5 new tax breaks for small biz - accounting services

QTA Consultants, Ltd./Renata Bliumaite

The “One Big Beautiful Bill Act” (OBBBA) is widely heralded as benefitting certain individual taxpayers.

Alert: The new law also contains several significant tax breaks for businesses. Here’s a roundup of five favorable provisions.

1. Section 179 deductions. Under Section 179 of the tax code, a business may “expense” the cost of qualified property placed in service during the year up to an amount equal to the lesser of its taxable income or a specified threshold. The deduction is reduced for costs above a generous annual threshold. The limits have been increased several times and indexed for inflation. Prior to the OBBBA, the limit for 2025 was $1 million with a phase-out threshold of $2.5 million. The new law hikes the limits to $2.5 million and $4 million, respectively, effective in 2025. Tip: As before, these limits will be indexed for inflation.

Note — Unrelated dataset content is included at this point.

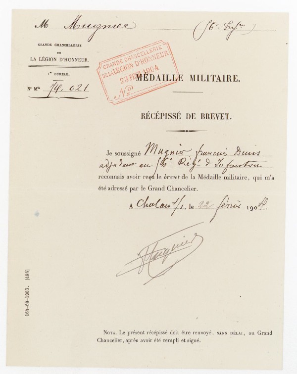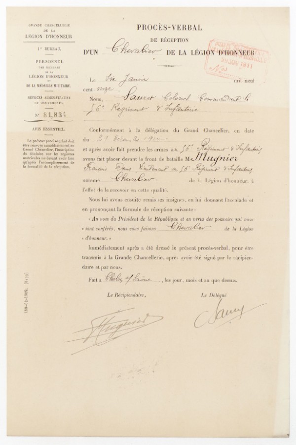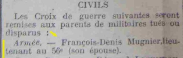 Citation à l`ordre de l`armée Remise à Epouse (1)

2. Bonus depreciation. The Tax Cuts and Jobs Act (TCJA) doubled the first-year bonus depreciation percentage to 100% for qualified property placed in service during the year. But the deduction was being gradually phased out over a five-year period ending after 2026. The new law reinstates 100% first-year bonus depreciation for qualified property acquired and placed in service after January 19, 2025. Tip: Prior to the OBBBA, the allowable deduction percentage for 2025 was 40%.

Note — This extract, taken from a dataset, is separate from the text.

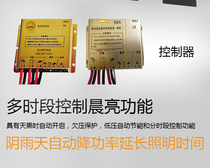 金太陽光電控制器——智能多時(shí)段控制器 ,天黑時(shí)自動(dòng)開啟、欠壓保護(hù)、低壓自動(dòng)節(jié)能 和分時(shí)段控制陰雨天自動(dòng)降功率延長(zhǎng)照明時(shí)間,支持遠(yuǎn)程無線控制;
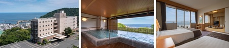 ツインルームのトリプル対応や最大5名で宿泊できる客室など一部客室をリニューアルし、ファミリーやグループ旅行など多様な滞在スタイルにお応えいたします。また、約77㎡の露天風呂付客室を新設。窓の外には開放的な相模灘の景色が広がり、どこまでも広がる海と空の景観を眺めながら、プライベートな空間で温泉を楽しめる開放的な客室となっています。

3. Research and experimentation expenses. Under prior law, research and experimentation (R&E) expenses were currently deductible. However, the TCJA requires R&E expenses to be amortized over five years, beginning for amounts paid or incurred after 2021. The OBBBA restores the ability to take a current deduction for R&E expenses incurred after 2024. But a business can still elect to amortize the expenses. Even better: A small business with average annual receipts of $31 million or less in the previous three years can claim the deduction retroactive to 2022. Tip: The new changes for R&E expenses are permanent.

4. Qualified business income. The TCJA created a new deduction for qualified business income (QBI) received by passthrough entities or self-employed individuals. Under Section 199A, a taxpayer could deduct up to 20% of the QBI, subject to certain limitations and phase-out ranges, including special rules for any “specified service trade or business”. The deduction was scheduled to expire after 2025, but has been permanently extended by the new law. Tip: The OBBBA also includes technical modifications.

5. Qualified small business stock. Previously, an investor in qualified small business stock (QSBS) could exclude from tax 100% of the gain on stock sold after five years if certain requirements were met. The OBBBA modifies these rules in several ways. Notably, a taxpayer may realize a lower percentage of benefits after holding the stock for only three years instead of five. Tip: The QSBS changes are effective for stock acquired in tax years beginning after the new law’s date of enactment—July 4, 2025.